Önünde hedef olarak gördüklerine her türlü kumpası kurmaktan geri kalmayan Fetullahçı Terör Örgütü (FETÖ), İstanbul eski İl Jandarma Komutanı Kıdemli Albay Hüseyin Kurtoğlu'nun önünü de yargıdaki paralel yargılanma yardımıyla kesti. Kurtoğlu, hakkında mesnetsiz iddialarla açılar dava nedeniyle generalliğe yükselemedi. Davanın açıldığı yıl Kurtoğlu'nun yerine Tuğgeneralliğe yükselen isim ise Hamza Celepoğlu oldu. Celepoğlu'nun adı da Türkiye'yi uluslararası alanda teröre destek veren ülke göstermek için 19 Ocak 2014'te hazırlanan MİT TIR'larının durdurulması kumpasında geçmişti.
2. Daire, açığa alma kararının yanı sıra Kurtoğlu hakkında verilen mahkumiyet kararının onamasını isteyen Yargıtay Cumhuriyet Savcısı ile kararı onayan dönemin 14. Ceza Dairesi'nde görevli üyeler Necati Meran, Kenan Karabeyeser, Mehmet Ali Demirezici ve Esabil Saylak hakkında suç duyurusunda bulundu. Yargıtay Savcısı hakkında şikayet 3. Dairesi'ne yapılırken, söz konusu üyeler hakkındaki şikayet ise Yargıtay Birinci Başkanlığı'na gönderildi.

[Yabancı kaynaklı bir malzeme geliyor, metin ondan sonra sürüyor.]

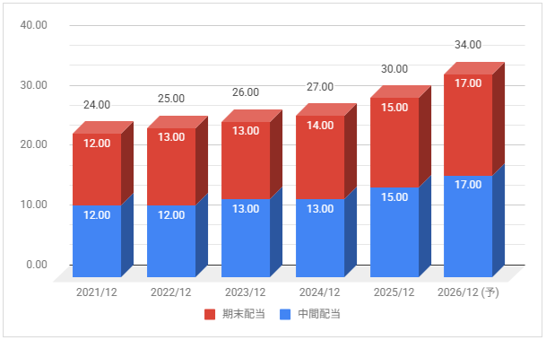 配当金は毎年増配しています。2026年12月期も増配予定としています。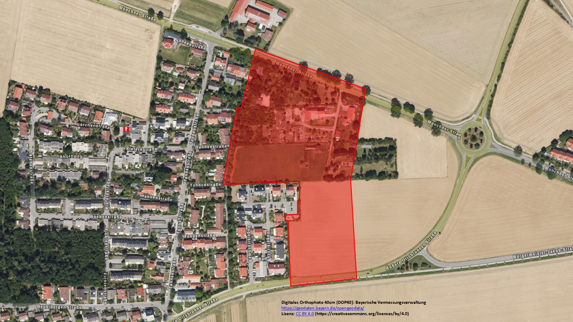 Ein Grundstückseigentümer im Bereich zwischen Münchner Straße und Äußerer Ottobrunner Straße hat eine Bebauung seines Grundstücks beantragt. Da die Flächen im Außenbereich liegen, ist dafür die Aufstellung eines Bebauungsplans erforderlich. Nach Ansicht der Verwaltung sollte gleich für das gesamte Gebiet ein umfassendes Konzept für die Bebauung entwickelt werden, um eine einheitliche städtebauliche Entwicklung zu gewährleisten und folgende Ziele zu verfolgen: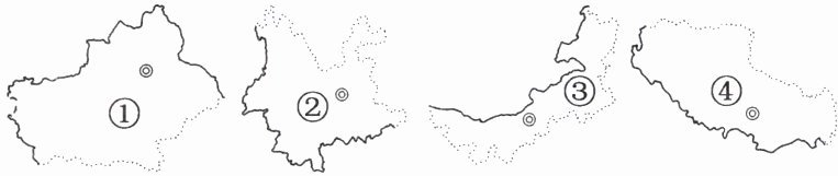 读我国四个省级行政区轮廓图,完成 3~5 题。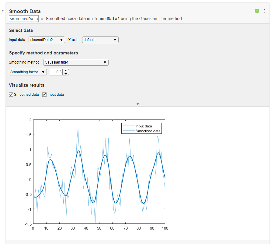 接下来,使用平滑处理数据任务来对在上一任务中经过清理的数据进行平滑处理。键入关键字smooth,并在任务出现时点击它。选择前一任务的输出cleanedData2作为输入数据。选择一种平滑方法,并调整平滑因子以实现更多或更少的平滑处理。

Soruşturma bitene kadar tedbiren açığa alınan isimler bu kararın kendilerine tebliğinin ardından 3 aylığına görevlerinden el çekecek. Savcılar bu sürede aylık ve ödeneklerinin üçte ikisini alabilecek, sosyal hak ve yardımlardan ise yararlanmaya devam edecekler. 2 hakim ve 1 savcı daha sonra eylemlerinin ağırlık derecesine göre uyarma, aylıktan kesme, kınama, kademe ilerlemesini durdurma, yer değiştirme ve meslekten çıkarmaya (ihraç) varıncaya kadar cezalar verilmesi gündeme gelecek. Daire, 3 isim hakkında adli soruşturma yapılması için kovuşturma izni de verebilecek.